Titusbrief

Tit 1,12 A.Christlieb Die Kreter sind immer Lügner, böse Tiere und faule Bäuche. Titus 1, 12

Dieser Ausspruch des Paulus läßt uns einen Blick tun in die Weisheit, Gerechtigkeit und Liebe des Apostels Paulus. - Es war Weise von Paulus, diese messerscharfen, aber wahren Worte der Kritik über die Kreter nicht als sein eigenes Urteil auszusprechen, sondern als das eines berühmten Propheten der Kreter. Paulus hätte sich nicht wegen Mangel an eigener Autorität bei diesem Urteil mit dem Ausdruck eines anerkannten kretischen Dichters decken müssen. Aber es war weise von ihm, das zu tun. Hätte Paulus von sich aus die Kreter als Lügner, böse Tiere und faule Bäuche bezeichnet, so würde dies Urteil gewiß heftigen Widerspruch hervorgerufen haben. Jeder Kreter, der das gehört, hätte sich tiefgekränkt gefühlt und dem Paulus für immer den Rücken gewandt. Man läßt doch sein eigenes Volk nicht schlecht machen! Da Paulus aber Worte eines in Kreta als Prophet anerkannten Mannes zitiert, kann niemand dieses Urteil als Verunglimpfung der Kreter durch einen jüdischen ,,Ausländer'' hinstellen. Daß Paulus sein Urteil über die Kreter so einkleidete, wie zu lesen, war eine Befolgung des Heilandswortes: ,,Seid klug wie die Schlangen" (Matth. 10, 16). - Diese Klugheit besaß Nathan, als er das Urteil über David nicht selber aussprach, sondern in gottgeschenkter Weisheit den König veranlaßte, seine Tat selbst zu verdammen. - Auch wir dürfen von dieser Schlangenklugheit lernen. Wie oft ist es nötig, in persönlicher Seelsorge oder in öffentlicher Rede auf Sünden und Schwächen hinzuweisen, die gestraft werden müssen. Wie hilfreich ist es dann, die notwendige Kritik nicht als eigene Meinung auszusprechen, sondern sie mit den Worten etwa eines Luther oder Bismarck oder eines sonstwie anerkannten Mannes zu bringen, unter den die Angeredeten sich ohne weiteres beugen. - Wenn schon Paulus so vorsichtig war, wieviel mehr bedürfen wir dann dieser Weisheit!
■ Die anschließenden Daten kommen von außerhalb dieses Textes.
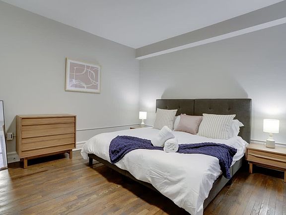 This 3-bedroom, 1-bathroom home at The Muriel offers a king-size bed and two twin-sized beds, which can be converted into a king-size bed if preferred. If you wish to convert the king-size bed into two twin-sized beds, please request this at least 48 hours before your arrival. In the living room, enjoy watching your favorite movies on the Smart TV. If you need to work, the home is equipped with a desk, chair, and light. Enjoy a home-cooked meal or takeout at the dining room table. The kitchen is fully equipped with a gas stove, fridge, dishwasher, microwave, disposal, and a Keurig Coffee Maker. It also includes cooking items such as pots and pans, a baking tray, cooking utensils, knives, a cutting board, a strainer, and mixing bowls. There are 4 sets of plates, glasses, mugs, bowls, and flatware. The home includes a vacuum, broom, Swiffer, and ironing board. Each floor has a shared washer and dryer. There is one on-site parking space available for purchase on a first-come, first-serve basis. If you are booking a flat that allows pets, there is a one-time, non-refundable pet fee of $450. A Pack and Play and/or high chair can be provided for a $25 rental fee, and these must be reserved in advance. Woodley Park, wealthy and bustling, is one of Washington DC's most prestigious neighborhoods. Just outside the central business district on the edge of Rock Creek Park, pre-war apartment buildings and lively restaurants line Connecticut Avenue, while pricey townhomes and private schools fill the side streets. The Metro (Woodley Park Zoo / red line) is a few hundred feet away, providing easy access to the city. Rock Creek Parkway is a few blocks away, offering a fast and scenic drive to the monuments, US Capitol, and Northern Virginia (DCA Airport, National Landing) and fantastic access to the trails and nature of Rock Creek Park itself. Connecticut Avenue is a prestigious corridor through the wealthiest neighborhoods of DC linking downtown to Bethesda, Maryland. Parking is on the street in the neighborhood around the building, and assistance is available for applying for a parking permit. The home offers contactless, seamless, and easy self check-in. You'll receive your check-in information 48 hours prior to your arrival, and a unique check-in code will be sent to you 8 hours before your arrival. Smoking of any kind (marijuana, cigarettes, or vaping) is not permitted anywhere in the interior of the building or within fifty feet of the building, including outdoor spaces. A $500 smoking fee will be charged if the odor of smoke is reported. Parties and events are strictly prohibited. All homes are equipped with noise monitoring devices, and noise levels exceeding normal levels are grounds for ending your stay. In the event of excess noise, music, gathering, or parties, a representative will respond, and your reservation will be terminated without refund. Exterior cameras record the exterior and common areas, including all entries to the building. Certain items should not be flushed down the toilet or put down drains or in the garbage disposal, as plumbing issues caused by these will result in charges. These items include cooking grease, food, coffee grinds, feminine products, baby wipes, dental floss, Q-tips, diapers, pills, paper towels, tissues, and coffee grounds. The home may require unexpected or scheduled preventative maintenance, and access may be required with 24-hour written notice. The home is equipped with a desk, chair, and light for your work-from-home needs. A laptop computer is not included.

A.Christlieb Die Kreter sind immer Lügner, böse Tiere und faule Bäuche. Titus 1, 12

Neben der Weisheit des Paulus tritt uns hier die Gerechtigkeit des Apostels entgegen. Auf den ersten Blick scheint uns dieses Urteil fast zu scharf und ungerecht zu sein. Aber unmittelbar vorher (Vers 10 f.) greift er ebenso hart das jüdische Volk an, zu dem er selbst gehört. Er schreibt: ,,Es sind viele unnütze und freche Schwätzer und Verführer, besonders die aus den Juden, welchen man den Mund stopfen muß, die lehren, was nichts taugt." Hier sehen wir, daß Paulus beim Aufdecken von Sünden unerbittliche Gerechtigkeit walten läßt. Die Liebe zu seinem Volk durfte sein Urteil über die Sünde nie trüben. Er verurteilte dieselbe aufs schärfste, mochte sie sich bei Gliedern des eigenen oder eines fremden Volksstammes finden. - Solche Gerechtigkeit ist besonders wichtig in einer Zeit, wo der Geist des Hasses unter den Völkern das Urteil vieler Menschen trübt. Ein wahrer Christ muß jede Sünde gleich scharf beurteilen, ob sie sich bei dem eigenen oder einem fremden Volk zeigt. - Laßt uns auch die Liebe des Apostels betrachten. Aus ihr leuchtet ein Strahl der göttlichen Liebe. Wenn wir andere Menschen durchschauen und sie als unaufrichtige Lügner, böse Raubtiere und faule Bäuche erkennen, dann ziehen wir uns von solchen Menschen am liebsten völlig zurück und geben sie auf. Wir meinen, es lohne sich nicht, an solchen Menschen zu arbeiten. Ganz anders Paulus! Er sagt nicht: ,,Überall kann man für Jesus arbeiten, nur nicht auf Kreta." Er gibt vielmehr dem Titus als Anweisung für seine Arbeit das Ziel an: ,,...auf daß sie gesund seien im Glauben." - Hier haben wir gute Botschaft. Die Liebe hofft alles. Sie traut dem Herrn Jesus zu, daß er auch den schlechtesten und verlogensten Menschen retten und heilen könne. - Wir wollen mit Paulus glauben, hoffen, lieben, bis Gottes Sieg offenbar wird.